Deployment¶
PipelineDB Cluster is designed to be seamlessly added as an extension to existing PipelineDB core deployments. So first, ensure that you have PipelineDB installed on all host systems that will comprise your PipelineDB Cluster cluster.
Note
If you’d like to learn more about PipelineDB Cluster’s clustering engine first, check out the Clustering section, although it isn’t necessary to do so before proceeding.
Installing the Extension¶
After installing PipelineDB and obtaining the PipelineDB Cluster binaries, use the appropriate package manager to install the extension on all nodes in your cluster:
# RPM
rpm -ivh pipeline_cluster-<version>.rpm
# Debian
dpkg -i pipeline_cluster-<version>.deb
Finally, ensure the following on each node in your cluster:
- PostgreSQL’s
bin
directory is on the$PATH
- Clock is roughly in sync with all other servers in the cluster (
ntpd
works very well for this)
Cluster Initialization¶
PipelineDB Cluster ships with a tool, pipeline-cluster-init
, that automatically bootstraps and configures all nodes in a cluster. It can be found at $PG_ROOT/bin/pipeline-cluster-init
, and is the easiest way to get up and running with good default settings. Its usage is as follows:
usage: pipeline-cluster-init [-h] -c CONFIG -D DATA_DIR [-X XLOG_DIR]

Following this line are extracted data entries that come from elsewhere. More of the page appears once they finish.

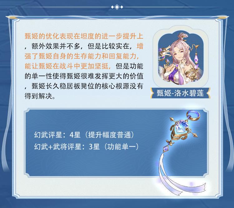 在保留原效果的基础上,提高了甄姬的坦度,强化了怜护效果,并且删除了曾经让自身受到伤害提升的负面效果,额外提供了相邻武将的抗暴率,进一步提高了自身以及队友的坦度,同时保留了对于女武将保护作用翻倍的特性。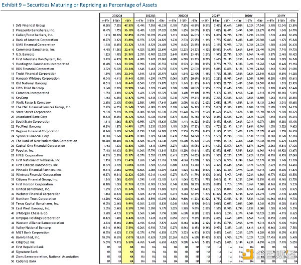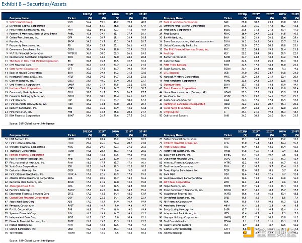 既然我们知道银行挤兑的原因是债务证券头寸严重不足,那么重要的是接下来要检查哪些银行的资产构成中包含大部分证券: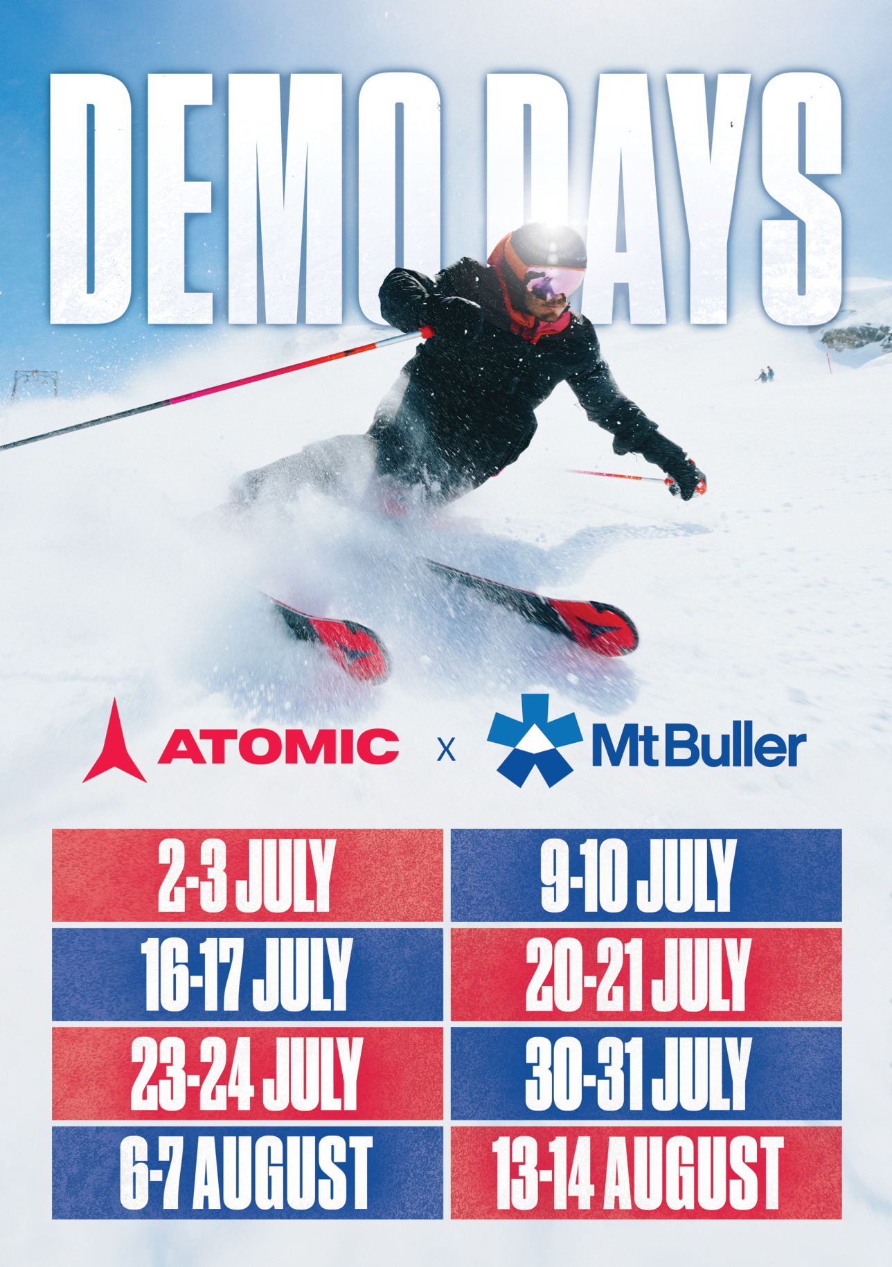 Try before you buy! Join us for Demo Days every Wednesday and Thursday across July and August (weather and snow permitting). Test the latest skis and snowboards on the slopes, chat with our expert team, and find your perfect fit. It’s the ideal way to discover your next ride — and when you’re ready, head to Altitude to make it yours.

[-U DBUSER] [--encoding ENCODING]
[--locale LOCALE] [-b HBA] [-S] [-u USERNAME]
[-i IDENTITY] [--bindir REMOTE_DIR]
pipeline-cluster-init initializes a PipelineDB Cluster database cluster.
optional arguments:
-h, --help show this help message and exit
-c CONFIG path to a local configuration file containing
configuration parameters that will be appended to each
cluster node's pipelinedb.conf
-b HBA location of pg_hba.conf file to use for cluster
-S should ssh and initialize all nodes?
initdb:
-D DATA_DIR path of the data directory to initialize
-X XLOG_DIR location for the transaction log directory
-U DBUSER database superuser name
--encoding ENCODING set default encoding for new databases
--locale LOCALE set default locale for new databases
ssh:
only valid with the -S flag
-u USERNAME ssh username
-i IDENTITY ssh identity file
--bindir REMOTE_DIR installation directory on the remote hosts
Report bugs to <eng@pipelinedb.com>.
The easiest way to intialize a cluster is to use ssh
via the -S
flag so that the script only needs to be run a single time from one place. Without using the -S
flag, pipeline-cluster-init
will run in local mode and only initialize the node that it is run on. In fact, in ssh
mode pipeline-cluster-init
will run itself in local mode on each remote node.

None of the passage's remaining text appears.